--- Problem ---
All pictures must be left out as you transcribe the lines from the first line of the data to the line containing "Aunque el lugar", both included.

--- Stored data ---
----
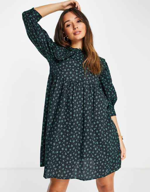 Vila – Geblümtes Minikleid in Marineblau mit Kragendetail
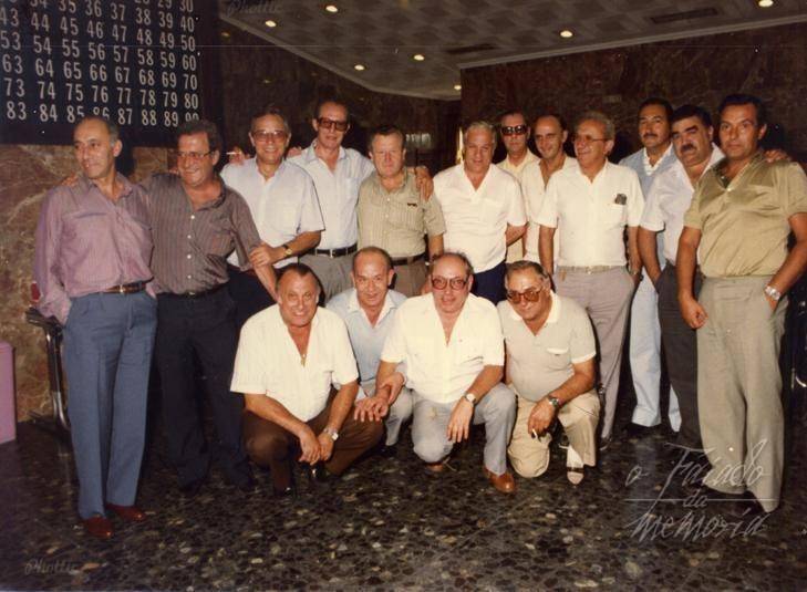 Aunque el lugar es un bingo por el tablero numerado de la izquierda y posiblemente seria el que estaba en el Leon XIII, me parece más una reunión de amigos que un grupo de bingueros. Son por arriba y a la izquierda, Pampin, X,Juan José Rodriguez, Tarano Cuervo, X,X,X, Farruco conocido en Villajuan como Pescadilla, Juan Blanco, José Luis Sánchez, Severino González y Pepe Bazaco. Abajo por la izquierda Pepe Varela, un abogado, Moncho Otero y Gerardo Prego. Cándido.
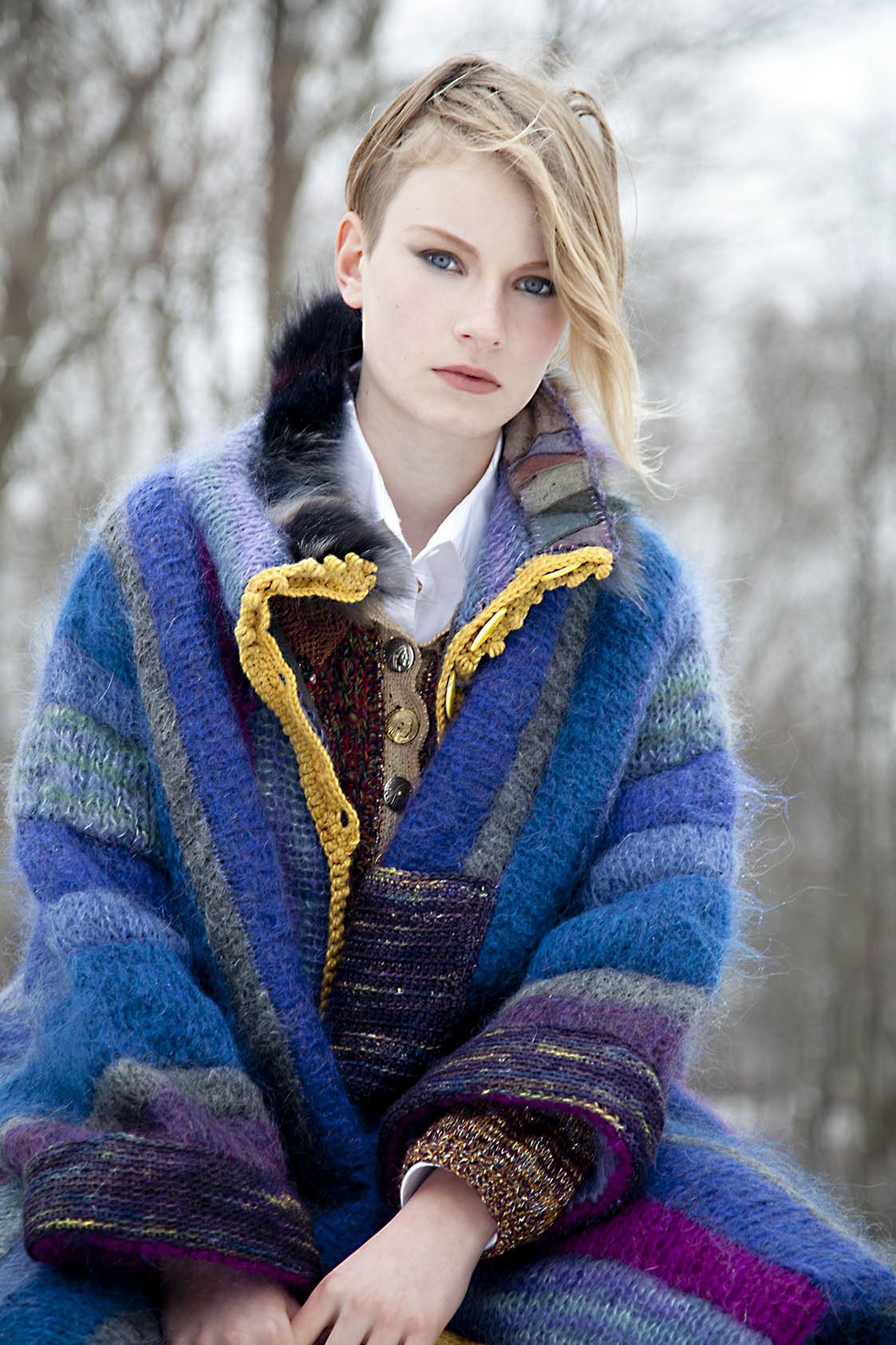 A 1970’s mohair duster redesign. A large hem was taken up and a fleece lining added. A new pocket, cuffs and a yellow border were crocheted. Hand made buttons and a fur collar were the details that completed this design.
----
--- Written reply ---
 Vila – Geblümtes Minikleid in Marineblau mit Kragendetail
 Aunque el lugar es un bingo por el tablero numerado de la izquierda y posiblemente seria el que estaba en el Leon XIII, me parece más una reunión de amigos que un grupo de bingueros. Son por arriba y a la izquierda, Pampin, X,Juan José Rodriguez, Tarano Cuervo, X,X,X, Farruco conocido en Villajuan como Pescadilla, Juan Blanco, José Luis Sánchez, Severino González y Pepe Bazaco. Abajo por la izquierda Pepe Varela, un abogado, Moncho Otero y Gerardo Prego. Cándido.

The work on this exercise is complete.